**REQUIREMENT**.
The answer must repeat every record exactly, with no pictures in it.

————————

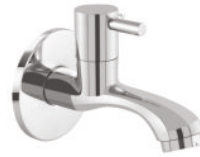
Bib Cock Long Body NE-04 | Rs. - 610.00
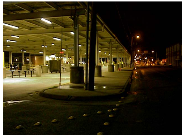
Light, Where You Need It When You Need It.!
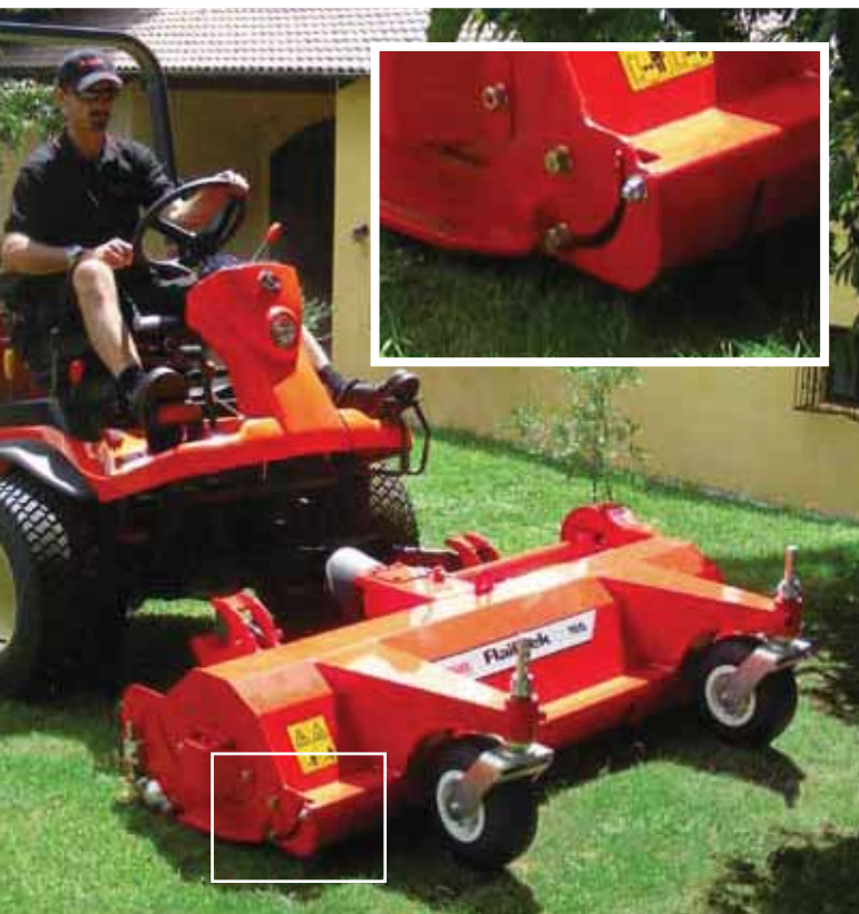
For short grass cutting the Converter is set in the closed position

The Trimax FlailDekFX is engineered for long life. The body, made from high tensile steel, features monocoque construction and has been developed in conjunction with a rigorous destructive testing programme. The rotor is dynamically balanced at the factory and rugged castor mountings are an integral part of the body. Ease of maintenance is also one of Trimax's key design parameters. The drive belts can be tensioned and the bearings greased without removing the transmission cover. For hassle free operation the cut height can be quickly altered using the positive height adjusters. Trimax's attention to detail results in a mower that will provide you with years of reliable service in a wide spectrum of applications.
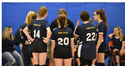
The middle school volleyball players confer at the Sutherland Tournament.

————————

**SOLUTION FOR THIS TASK**.
Bib Cock Long Body NE-04 | Rs. - 610.00
Light, Where You Need It When You Need It.!
For short grass cutting the Converter is set in the closed position

The Trimax FlailDekFX is engineered for long life. The body, made from high tensile steel, features monocoque construction and has been developed in conjunction with a rigorous destructive testing programme. The rotor is dynamically balanced at the factory and rugged castor mountings are an integral part of the body. Ease of maintenance is also one of Trimax's key design parameters. The drive belts can be tensioned and the bearings greased without removing the transmission cover. For hassle free operation the cut height can be quickly altered using the positive height adjusters. Trimax's attention to detail results in a mower that will provide you with years of reliable service in a wide spectrum of applications.
The middle school volleyball players confer at the Sutherland Tournament.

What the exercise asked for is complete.